> **Stored data**:
····················

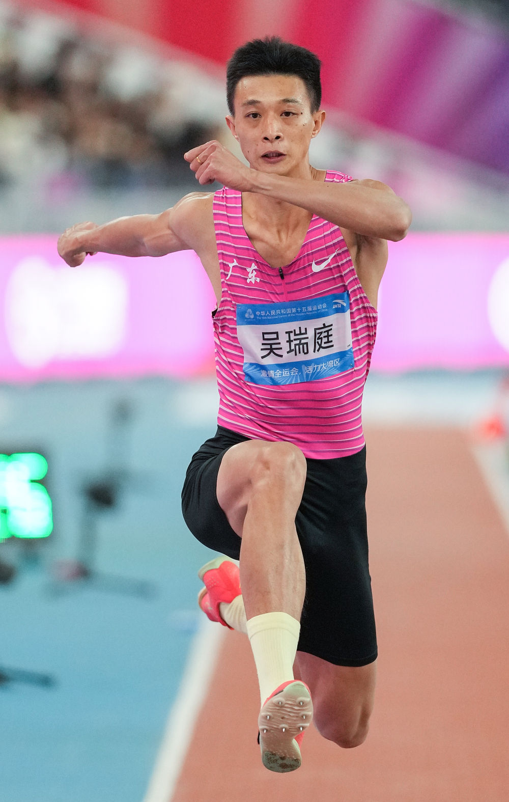 11月20日,广东队选手吴瑞庭在第十五届全国运动会田径项目男子三级跳远决赛中。他获得冠军。新华社记者 李一博 摄
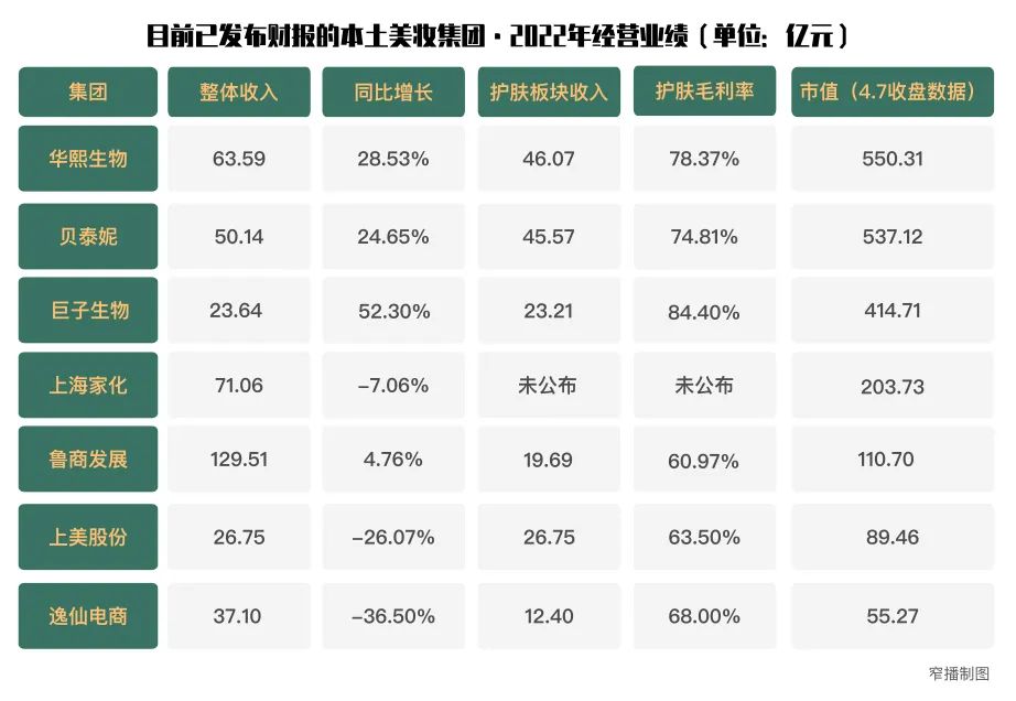 《窄播》參照華熙生物、貝泰妮等多家國貨美妝集團(tuán)發(fā)布的2022年年報(bào),結(jié)合各家過去一年的品牌動作,從產(chǎn)品、品牌和渠道維度,對國貨美妝集團(tuán)的現(xiàn)狀、競爭格局和發(fā)展方向進(jìn)行了梳理。
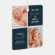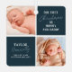 Modern new baby christmas ornament featuring 2 photos of your newborn, classic blue squares, with the saying "our first christmas as mummy & daddy", the babys name, and birth stats.
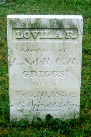 | Home Surname List Name Index Sources | Ninth Generation102. Her name was listed as "R. Cordelia" on her marriage record, as "C. R. Griggs" on the marriage registration record of her son Osmon, and as "Cordelia Griggs" on the marriage certificate of her son Clarence. Her husband referred to her as "Cordelia" in a letter that he wrote to his brother Roswell and his family on 13 February 1863. (Gary Griggs has a copy of the letter, the original of which is in the Griggs-Bragg Family Collection in the Vermont Historical Museum.) In the 1850, 1860 and 1870 Census', she was listed as "Rachel." She appeared in the census in 1830 in Fayston Township, Washington County, VT.61 She appeared in the census in 1840 in Fayston Township, Washington County, VT.62 Cordelia appeared in the census in 1850 in Colchester, Chittenden County, VT.92 She appeared in the census in 1855 in Barre Mills, Barre Township, La Crosse County, WI.93 She appeared in the census in 1860 in Barre Township, La Crosse County, WI.68 Cordelia appeared in the census in 1870 in Tomah, Tomah Township, Monroe County, WI.85 She appeared in the census in 1875 in Tomah Township, Monroe County, WI.94 She died on 12 August 1877 at the age of 56 in Tomah, Tomah Township, Monroe County, WI.84,87,95,96,97,98 Obituary Notes: "In Tomah, Wis., Sunday, Aug. 12, 1877, Mrs. R. C. Griggs, wife of Mr. L. S. Griggs, in the 58th year of her age. Her last sickness of 15 weeks was one of great suffering." It was very unusual for women to have obituaries in the newspapers at the time that Rachel died. Hers was at the top center of the front page of the Tomah Journal on both August 18 and August 25, 1877--probably because her husband's drug store was a prominent advertiser in the newspaper, and he and the newspaper publisher were friends. It is not known what caused her death, but it may have been an infectious or spreading disease such as pneumonia. Her oldest son, Osman, died four days after her death. He was a doctor, and it is possible that he was treating her. In a letter that her husband Lucius wrote to his brother Roswell on August 3-10, 1879, he stated "...it will be 2 years Tuesday since Cordelia died and 4 days later that Osmon. I do not suppose there has been 12 hours since but that my mind & thoughts have been there and I suffer in mind & feelings as much & feel the loss of Cordelia as at the time and do not know but I shall as long as I live. No one to sympathize with or speak to & I feel that I am alone by night & by day." Cordelia was buried in August 1877 in Tomah, Tomah Township, Monroe County, WI.84,98 in the Oak Grove Cemetery (Original Plat, Block 2, Lot 70). She shares a obelisk gravestone marker with her oldest son, Osmon. Rachel "Cordelia" RICHARDSON (*) (~) and Lucius Smith GRIGGS (*) (~) were married on 3 January 1841 in Waitsfield Township, Washington County, VT.48,79,87,93,99,100,101,102 According to their marriage record, they were both residents of Fayston Township and their marriage ceremony was performed by "Ira Beard, Minister." His birth place is listed as "Fayston, Washington Co., Vermont" on the record of his marriage to Kate Gilmore. At the time of his birth, Fayston was actually in Jefferson County, which was renamed Washington County in 1814. Fayston is not a village or city, but a township located northwest of the villages of Irasville and Waitsfield. (The LDS State Microfiche records list his birth place as Pomfret, Windham Co., CT, but that is believed to have been an error.) He appeared in the census in 1820 in Fayston Township, Washington County, VT.106 He appeared in the census in 1830 in Fayston Township, Washington County, VT.107 Lucius appeared in the census in 1840 in Fayston Township, Washington County, VT.108 He lived in Colchester, Chittenden County, VT about 1845.92 He and his family moved to Colchester sometime between 1841 and 1850, when they were listed there in the Census. His daughter Lovila is believed to have been born in Colchester in 1847. He appeared in the census in 1850 in Colchester, Chittenden County, VT.92,102 He was managing a Boarding House, with seven tenants listed in the census, in addition to his family. His family consisted of Lucius, age 39; Rachel, 29; and their children, Osmon, 5; and Lovila, 3. Lucius appeared in the census in June 1855 in Barre Mills, Barre Township, La Crosse County, WI.93,102,109,110 His household consisted of 2 men (Lucius and his son, Osman) and 1 woman (his wife, Rachel "Cordelia.") He may have been renting his farm at that time. On August 10, 1858, Lucius purchased 40 acres of land in La Crosse County. The land is described as "the South West quarter of the South East quarter of Section Two in Township Fifteen, North of Range Six West, in the District of lands subject to sale, at La Crosse, Wisconsin." Gary Griggs has a copy of the patent that was granted when he purchased the land; the patent contains the name of President James Buchanan. He appeared in the census in 1860 in Barre Township, La Crosse County, WI.68 His household consisted of Lucius, age 49, occupation "Farmer"; his wife Rachel "Cordelia," age 38; their son Osman, age 15, "Laborer"; their son Clarence, age 3; their daughter Florence, age 3; their daughter Harriet, age 3 months; and his mother-in-law, Rachel (Durkee) Richardson, age 60. Between 1865 and 1874 he was a druggist in Tomah, Tomah Township, Monroe County, WI.85,87,102,109,111,112 An article in the History of Monroe County--Past and Present, states: "L. S. Griggs moved in from La Crosse that year." The article refers to his move to the city of Tomah in 1866. The Tomah Journal newspaper contained prominent advertisements from his drug store, known as the Tomah Drug Store. At that time it was owned by Lucius and his partner, Samuel Gunn. One ad, in the November 20, 1867, issue, notes that they sold "drugs, medicines, popular patent medicines; all kinds of herbs & roots, barks & gums, flavoring extracts of every variety; hair oils,

····················

> **Task brief**: Please return only the lines from the top of the data through the line with "Modern new baby", exactly as written, and drop every picture.

> **Solution to this exercise**:
 11月20日,广东队选手吴瑞庭在第十五届全国运动会田径项目男子三级跳远决赛中。他获得冠军。新华社记者 李一博 摄
 《窄播》參照華熙生物、貝泰妮等多家國貨美妝集團(tuán)發(fā)布的2022年年報(bào),結(jié)合各家過去一年的品牌動作,從產(chǎn)品、品牌和渠道維度,對國貨美妝集團(tuán)的現(xiàn)狀、競爭格局和發(fā)展方向進(jìn)行了梳理。
 Modern new baby christmas ornament featuring 2 photos of your newborn, classic blue squares, with the saying "our first christmas as mummy & daddy", the babys name, and birth stats.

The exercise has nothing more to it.